[Instructions to follow]
Images do not belong in the copy. Retype all the entries below exactly.

☆ ☆ ☆ ☆

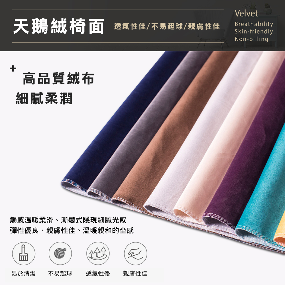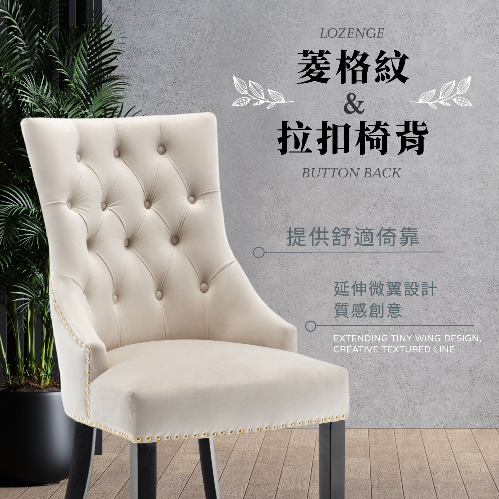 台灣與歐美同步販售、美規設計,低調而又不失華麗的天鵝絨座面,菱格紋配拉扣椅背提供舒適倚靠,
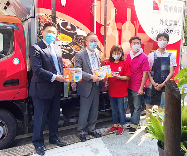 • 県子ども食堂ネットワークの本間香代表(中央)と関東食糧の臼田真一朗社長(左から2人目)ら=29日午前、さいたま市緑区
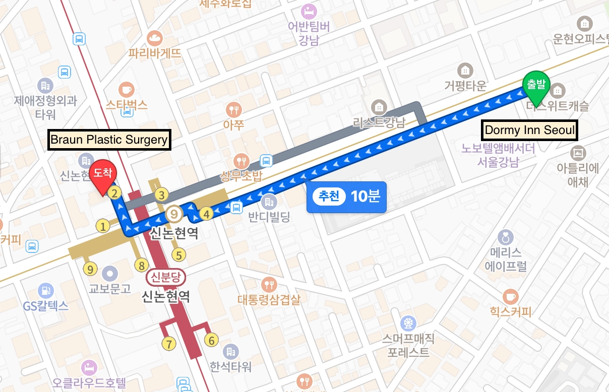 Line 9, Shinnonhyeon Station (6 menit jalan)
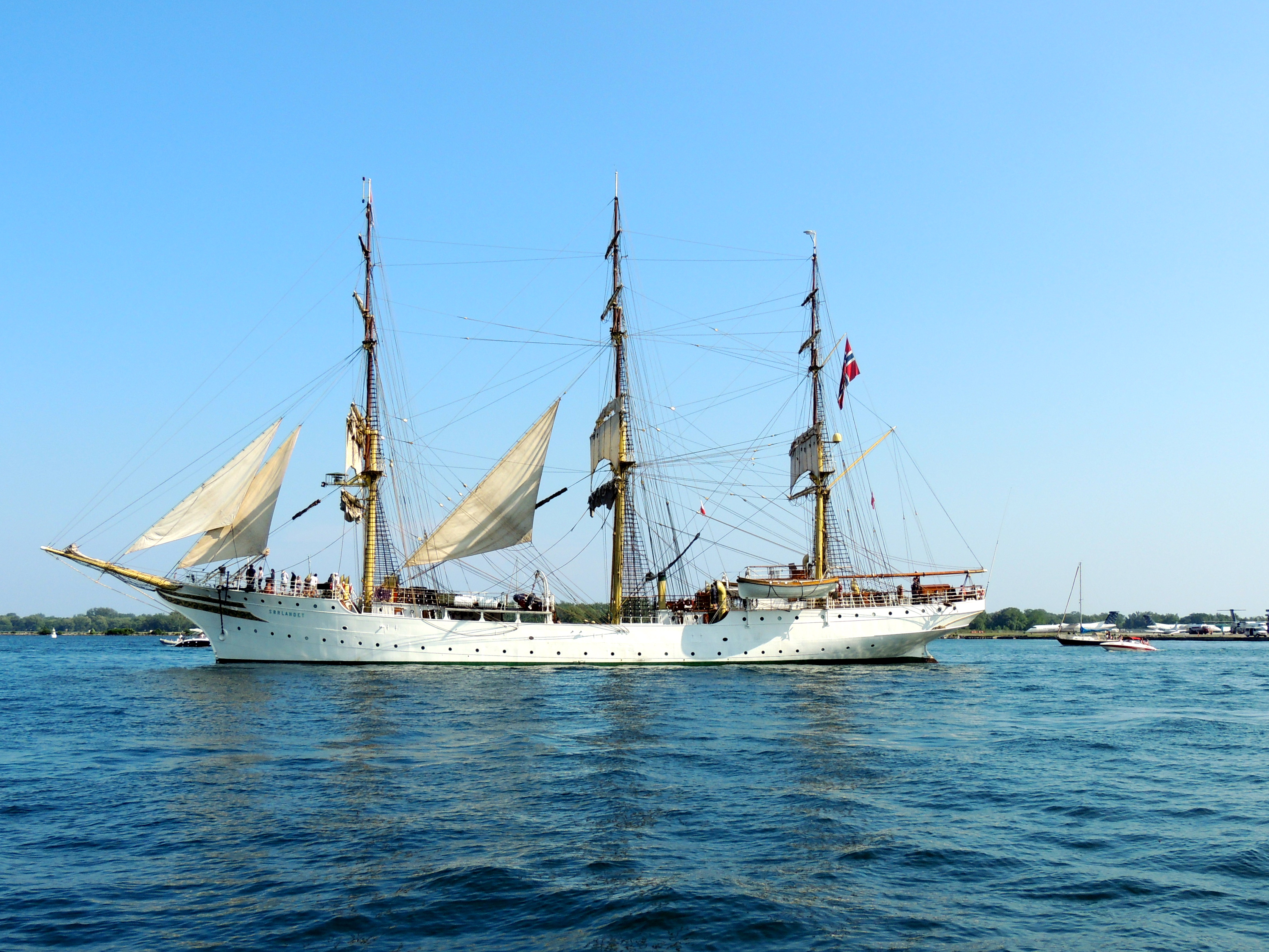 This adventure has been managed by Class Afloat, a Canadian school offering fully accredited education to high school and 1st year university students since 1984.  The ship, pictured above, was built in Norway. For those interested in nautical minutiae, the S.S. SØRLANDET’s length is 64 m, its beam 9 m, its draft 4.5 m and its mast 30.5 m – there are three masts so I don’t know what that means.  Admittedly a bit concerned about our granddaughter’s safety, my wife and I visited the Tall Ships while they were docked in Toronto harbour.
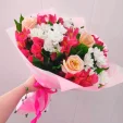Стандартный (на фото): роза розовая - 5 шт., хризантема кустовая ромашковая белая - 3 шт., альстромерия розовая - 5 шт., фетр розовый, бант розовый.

☆ ☆ ☆ ☆

[Solved exercise]
 台灣與歐美同步販售、美規設計,低調而又不失華麗的天鵝絨座面,菱格紋配拉扣椅背提供舒適倚靠,
 • 県子ども食堂ネットワークの本間香代表(中央)と関東食糧の臼田真一朗社長(左から2人目)ら=29日午前、さいたま市緑区
 Line 9, Shinnonhyeon Station (6 menit jalan)
 This adventure has been managed by Class Afloat, a Canadian school offering fully accredited education to high school and 1st year university students since 1984.  The ship, pictured above, was built in Norway. For those interested in nautical minutiae, the S.S. SØRLANDET’s length is 64 m, its beam 9 m, its draft 4.5 m and its mast 30.5 m – there are three masts so I don’t know what that means.  Admittedly a bit concerned about our granddaughter’s safety, my wife and I visited the Tall Ships while they were docked in Toronto harbour.
Стандартный (на фото): роза розовая - 5 шт., хризантема кустовая ромашковая белая - 3 шт., альстромерия розовая - 5 шт., фетр розовый, бант розовый.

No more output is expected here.